UPDATE: 10 P.M.: The Clark County School Board members traded jabs at each other Tuesday evening while discussing a controversial hybrid plan which could return students to classrooms as early as January 2021.
The plan is 205 pages and details nearly every aspect of a return to in-person classroom instruction from buses to lunches.
"The elephant in the room, there are several elephants, but it is simply that I don't think this model is doable as it is right now," said Trustee Linda Cavazos.
District leadership put the plan on pause just days after Gov. Steve Sisolak pleaded with people to stay home for the next two weeks to slow the spread of COVID-19.
The governor made it clear the COVID crisis is getting worse and not better.

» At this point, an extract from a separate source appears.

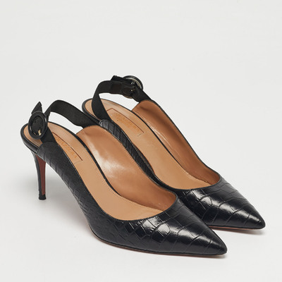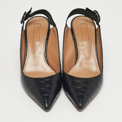 Aquazzura Black Croc Embossed Leather Yale Slingback Pumps Size 36 1228215 (чёрный, lpn31045401)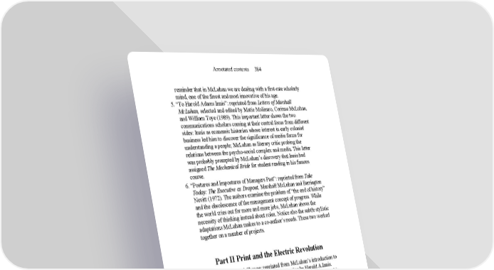Annotated contents 384 reminder that in McLuhan we are dealing with a first-rate scholarly mind, one of the finest and most innovative of his age. 5. “To Harold Adams Innis”: reprinted from Letters of Marshall McLuhan, selected and edited by Matie Molinaro, Corinne McLuhan, and William Toye (1989). This important letter shows the two communications scholars coming at their central focus from different sides: Innis as economic historian whose interest in early colonial business led him to discover the significance of media forms for understanding a people; McLuhan as literary critic probing the relations between the psycho-social complex and media. This letter was probably prompted by McLuhan’s discovery that Innis had assigned The Mechanical Bride for student reading in his famous course. 6. “Postures and Impostures of Managers Past”: reprinted from Take Today: The Executive as Dropout, Marshall McLuhan and Barrington Nevitt (1972). The authors examine the problem of “the end of history” and the obsolescence of the management concept of progress. While the world cries out for more and more jobs, McLuhan shows the necessity of thinking instead about roles. Notice also the subtle stylistic adaptations McLuhan makes to a co-author’s needs. These two worked together on a number of projects. Part II Print and the Electric Revolution 7. Media and Cultural Change: reprinted from McLuhan’s introduction to the 1964 edition of The Bias of Communication by Harold A.Innis. McLuhan’s perceptive introduction drew considerable attention to this book. When he says that he is pleased to think of his own The Gutenberg Galaxy “as a footnote to the observations of Innis,” it is a classic piece of McLuhanesque deferential litotes—as any careful reader of his analysis of Innis can see. This material also presents some of the most richly provocative insights one can find anywhere in McLuhan’s work. At one level it is an imploded and comprehensive history of media and cultural change. 8. The Gutenberg Galaxy: reprinted from The Gutenberg Galaxy: The Making of Typographic Man (1962), perhaps the most important book ever written on the revolution of print technology. The insights into the process of print and its effects are profoundly significant. The Gutenberg Galaxy is McLuhan’s masterpiece and the sine qua non of literate understanding of the power of a technology to create the conditions for Western civilized power. It may look like an anti-book in its structure, an array of parts like a mosaic, but there is more traditional internal structure than may at first appear. Certainly there is less argument here and more pattern recognition.

"We are in the midst of a mental health, health crisis, and an academic crisis that will have lasting implications for decades to come," said Clark County School District Superintendent Dr. Jesus Jara.
Some school district trustees signaled they wanted to move forward with the plan, fearing inaction is making the mental health and academic crisis worse.
"I am very disappointed that this board is not willing to start by putting their name on it saying 'we know it's not perfect, we know it may not happen and that things can change, but we're not going to stand in the middle of the road looking both ways waiting for a car to hit us because we're too afraid to make a decision,'" said Trustee Chris Garvey during the virtual meeting.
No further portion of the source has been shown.